According to a variant, a part of the RAM 27 is allocated by the CPU 21 for storing the data 2210 to 2214 if memory space available in GRAM 221 is not sufficient. Nevertheless, this variant brings more important latency time in the detection of the first object in the first image composed form the micro-programs comprised in the GPUs as the data have to be transmitted from the graphical card to the RAM 27 through the bus 25 that has transmission capacities generally less than capacities available in the graphical card for transmitting the data from the GPUs to the GRAM and inversely.
According to a variant, the power supply 28 is outside the device
5.
According to a variant, the instructions of the algorithm implementing the steps for detecting the first object in the first image are all performed on CPU only.
Figure 3 illustrates a method for detecting a first object comprised in the first image 10, according to a particular and non limitative embodiment of the invention.
During an initialization step 30, the various parameters of the device 2 are updated. In particular, the parameters representative of the first image are initialized in any manner.
Next, during a step 31 , the first object comprised in the first object is segmented, for example by using a clustering method or an edge detection method. The segmentation is advantageously based on depth information associated to the pixels of the first image. According to a variant, the segmentation is based on the grey level information, which is associated to the pixels of the first image. When based on depth information associated to the pixels of the first image, the first object is segmented by selecting the pixels having an associated depth information comprised in a first interval of depth values, i.e. comprised between a minimal depth value and a maximal depth value, as to select the object of the first image located at a given depth.
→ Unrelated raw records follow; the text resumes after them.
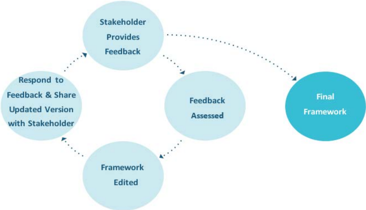
Figure 3. Review Process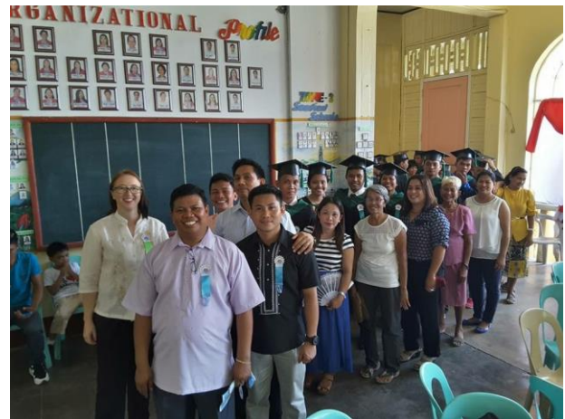
all ready to march...

Most of the 27 graduates work as a minister, missionary or church worker!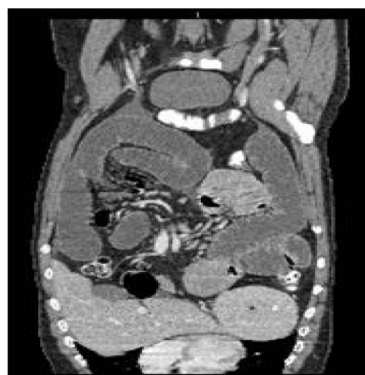
Fig. 2. CT abdomen showing Small bowel complete obstruction with transitional zone seen distal ilealloops.

MD originates from incomplete obliteration of the vitelline duct, which occurs around the fifth week of gestation. The complications of MD are greatest in the first two years of life. Haemorrhage, secondary to peptic ulceration, is the most frequent manifestation. Next, is the frequency of intestinal obstruction and intussusception being the leading cause. Intestinal obstruction accounts for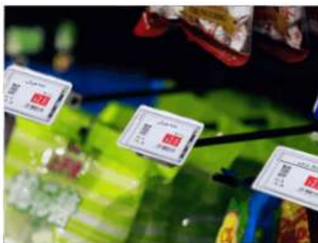
ESL Hanging rail

Apply to Standard multi-layer board, e.g. general shelf area in store & supermarket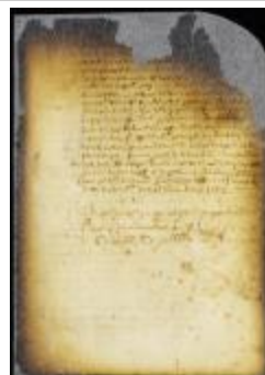
Order that a writ of appeal issue for Solomon Lachaire (NYSA_A1809-78_V08_0481)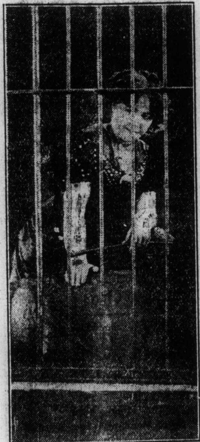
The Crowning Hit Was La Belle, the Lady of Lions.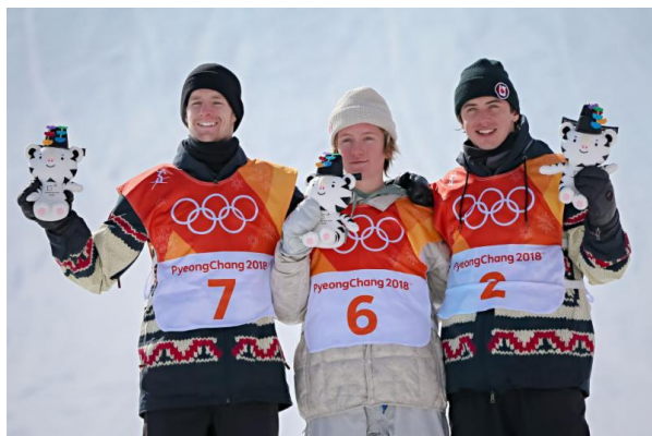
Prima medaglia d'oro degli USA su una coppia canadese.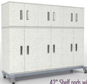
42" Shelf pods with optional door stacked with 26" Pods. Shown in Happy Dots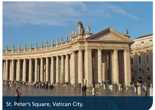
St. Peter's Square, Vatican City.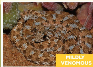
Dwarf Beaked Snake ( Dipsina multimaculata )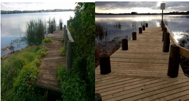
Before and after pictures

The committee accessed the Community Assistance fund in 2013 and built a picnic table and seating close to the jetty enhancing the lake as a passive recreation spot.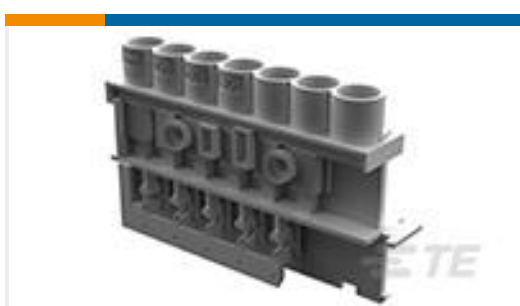
TE Part #1740317-3 NECTOR S DISTRIBUTOR ASSY 6 POS BLACK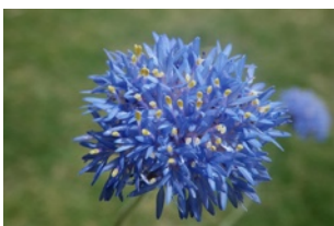
Brunonia australis Native Cornflower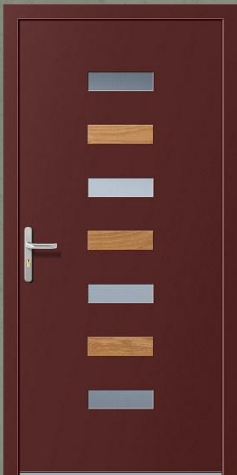
DOREMI – H/1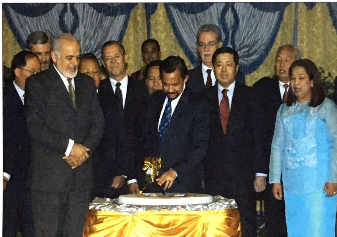
Foreign envoys celebrate the 58 th birthday anniversary of His Majesty The Sultan and Yang Di-Pertuan of Brunei Darussalam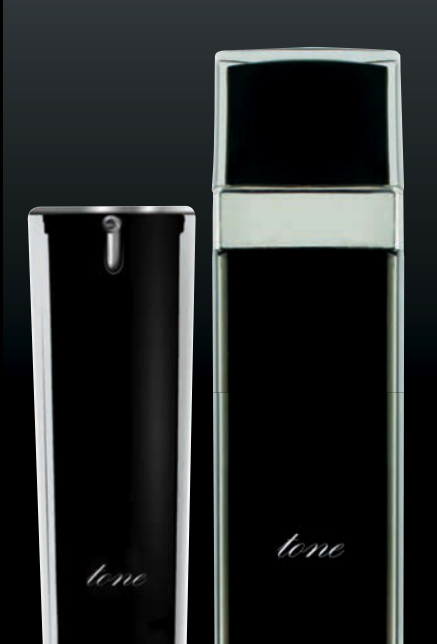
TONE BOTANICAL FIRMING TONER

A very gentle botanical toner containing Aloe Vera, Chamomile and Japanese green tea to rejuvenate the skin and Cucumber Extract to help tighten pores. Botanicals, extracts and marine minerals help promote skin firmness. Contains no alcohol.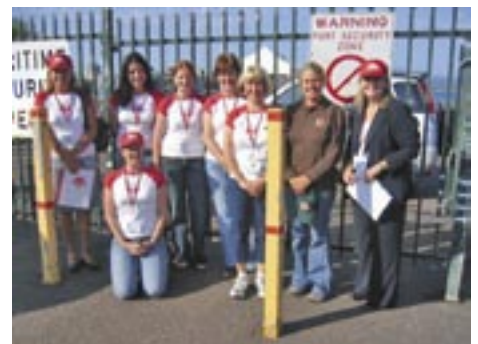
A team of volunteers, who have all completed the Tourism Certificate III, waits for passengers coming off the cruise ships at the Port of Eden.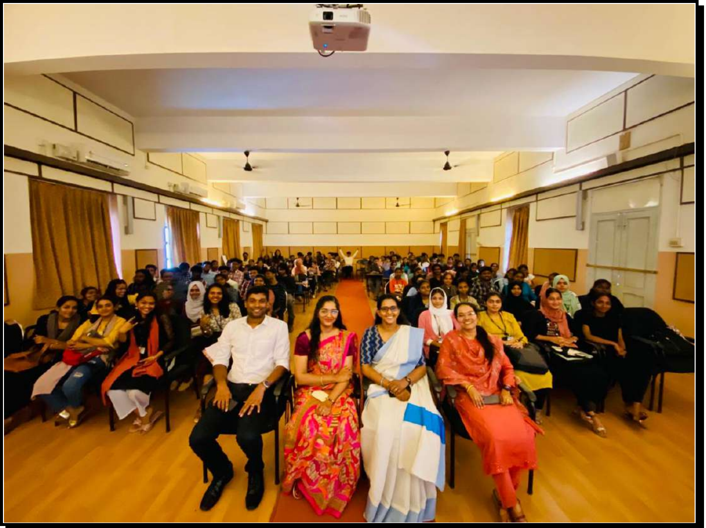
Figure 7: Personality Training For Enhancing Employability

According to a variant, the segmentation of the first image comprises a step of slicing the first image into a plurality of slices, each slice corresponding to a layer of the first image at a given depth. The slicing of the first image enables to classify the objects of the first image according to their depth, i.e. by grouping foreground objects, background objects and middle-ground(s) objects. According to this variant, the pixels forming the segmented first object belong all to a specific single slice.
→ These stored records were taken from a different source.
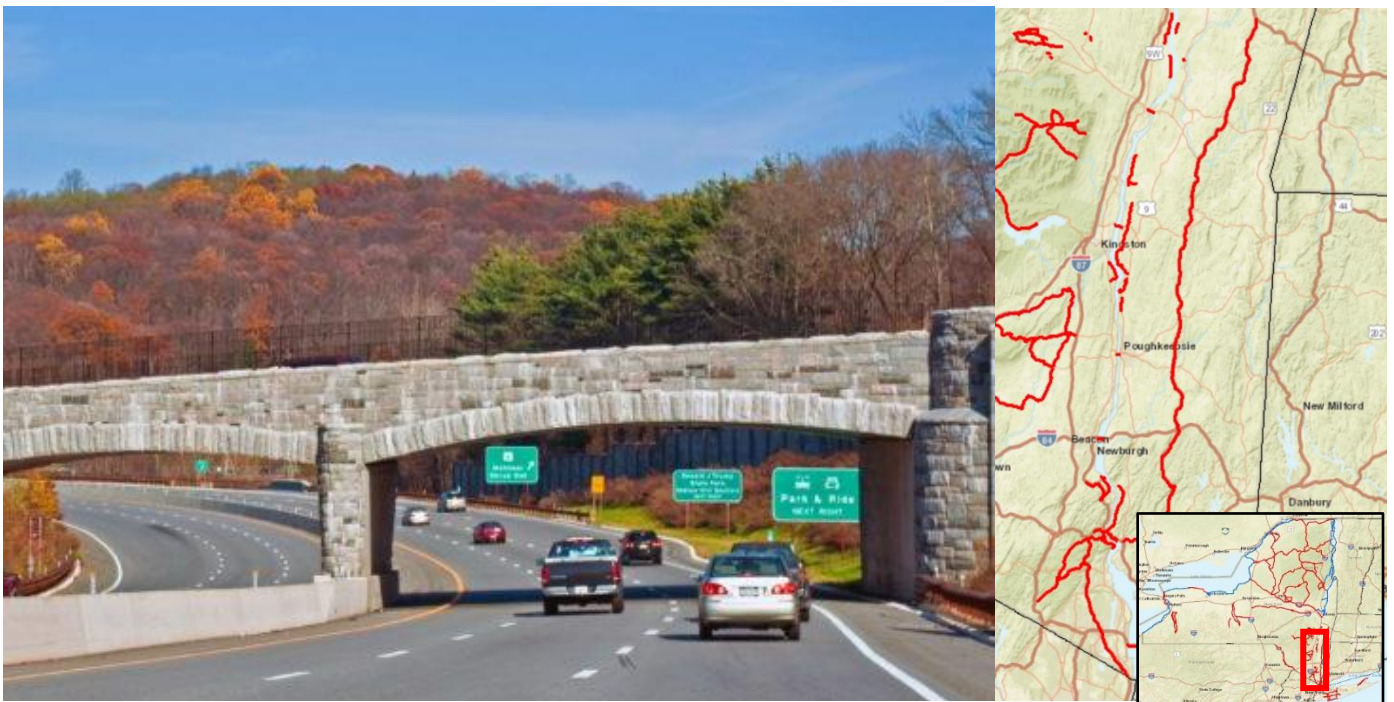
The Taconic Parkway is an Eastern Hudson scenic byway with fascinating autumn scenery connecting Interstate 90 to lower New York's Parkways in Valhalla.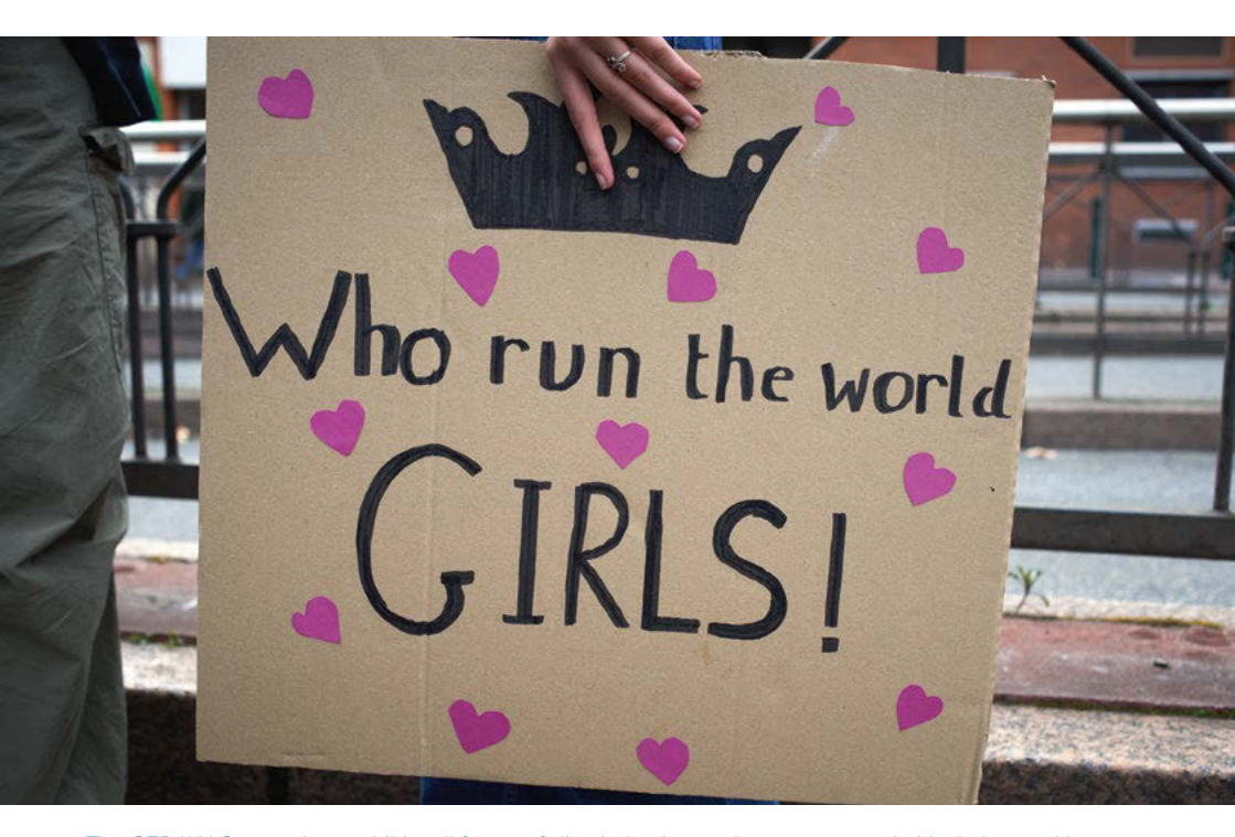
The CEDAW Convention prohibits all forms of discrimination against women and girls, in law and in practice.

Part II.2 illustrates the CEDAW Committee's approach and possible action by parliamentarians in relation to two specific rights protected by the Convention: protection of women and girls from gender-based violence, and women's political and public participation. The discussion related to these rights makes links with other rights included in CEDAW.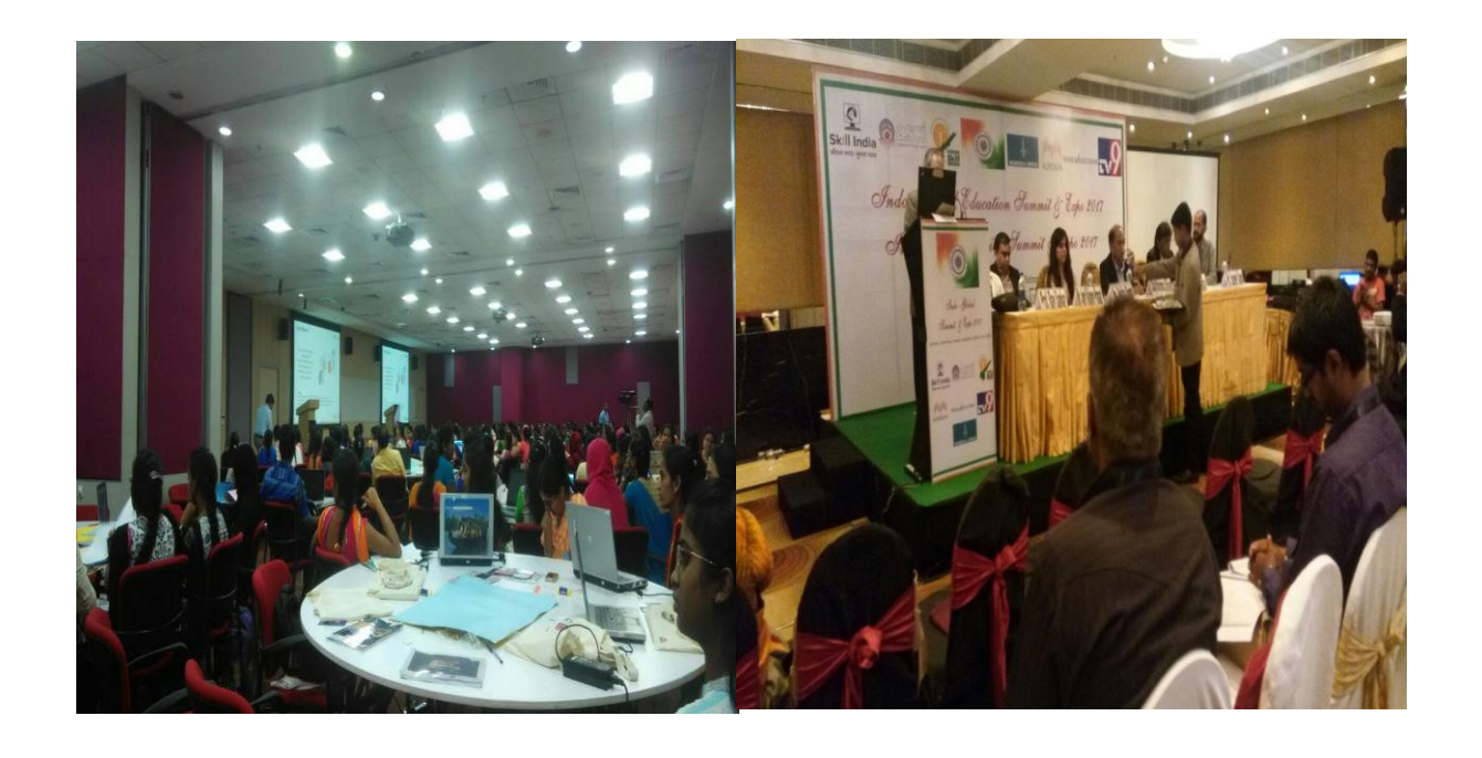
Organized by the Indus Foundation Hyderabad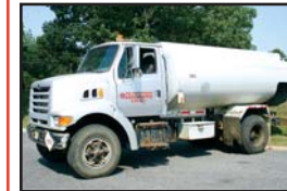
'98 Ford L8500 with Allied Fuel Body

1998 FORD Model L8500 Single Axle Fuel Truck , Cummins 8.3C, 225HP diesel (Cummins Recon 2005) and Allison automatic trans, Allied 2,500 gallon aluminum fuel body, hose reel and meter, air brakes, air conditioning. In good condition.

Then, during a step 32, a second grey level information is assigned to pixels of the first image different from the pixels forming the first object which has been segmented in step 31 . According to a variant, the second grey level is applied to the pixels of the slice comprising the first object, which are different from the pixels belonging to the first object. Such an assignment enables to obtain an image comprising only the segmented first object with a controlled background, i.e. a background with known and controlled parameters.
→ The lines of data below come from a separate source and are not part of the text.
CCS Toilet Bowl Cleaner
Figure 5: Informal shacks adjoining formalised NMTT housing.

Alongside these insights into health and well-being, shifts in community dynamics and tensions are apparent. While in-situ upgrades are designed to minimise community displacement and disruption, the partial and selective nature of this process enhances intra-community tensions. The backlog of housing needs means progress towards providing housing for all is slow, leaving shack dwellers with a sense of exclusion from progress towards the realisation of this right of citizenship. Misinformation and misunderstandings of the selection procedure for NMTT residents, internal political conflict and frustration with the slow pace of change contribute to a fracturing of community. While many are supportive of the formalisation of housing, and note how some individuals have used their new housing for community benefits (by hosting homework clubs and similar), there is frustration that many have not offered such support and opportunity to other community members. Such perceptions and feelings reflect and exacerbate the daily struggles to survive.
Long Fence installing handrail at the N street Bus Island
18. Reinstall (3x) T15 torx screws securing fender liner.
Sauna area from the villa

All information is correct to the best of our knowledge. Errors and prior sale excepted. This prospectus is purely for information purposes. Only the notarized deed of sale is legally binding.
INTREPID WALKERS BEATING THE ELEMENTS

Then, during a step 63, the segmented first object is compared is compared with one or several second images comprising a first model of this first object. The second images correspond advantageously to so-called positive images used in a machine learning process as to detect an object corresponding to the model represented in the positive images. If a hand of a person is to be detected in an image, the segmented hand of the image is compared to a set of positive images representing different hands of people and forming models of a hand. If the segmented hand match with a majority of the models of the hand comprised in the positive images or with a percentage of the model bigger than a threshold (for example bigger than 60%, 70% or 80%), it means that the segmented object of the image is really a hand. As to speed up the comparison process, the pixels of the second images different from the pixels forming the first model of the first objet to be detected are assigned the second grey level information. The second image is for example obtained by incrusting the first model on an image, the background of which being filled with the second grey level information. It enables to focus the comparison process on the pixels forming the first model, the background of the second image(s) being fully controlled as for the first image comprising the segmented first object.
According to a variant, the segmented first object is also compared to one or several third images comprising second models of second objects, which are all different from the first object. The set of third images form a set of so-called negative images used in a machine learning process. The comparison between the segmented first objet and the second models enables to refine the comparison process. By comparing the segmented first object with an important set of second models of objects different from the first object and if no second model matches to the first object, then the probability that the first object corresponds to the first model is more important. According to this variant, the pixels of the third images different from the pixels forming the second models are assigned the second grey level information. A third image is for example obtained by incrusting the second model on an image, the background of which being filled with the second grey level information. Thus, less negative images are required for training the detector as the comparison process is focused on the second models and gathering a wide range of second models images with different backgrounds is useless, the background being controlled according to this variant. Reducing the number of third images enables to reduce the number of comparisons and thus speed up the detection of the first image.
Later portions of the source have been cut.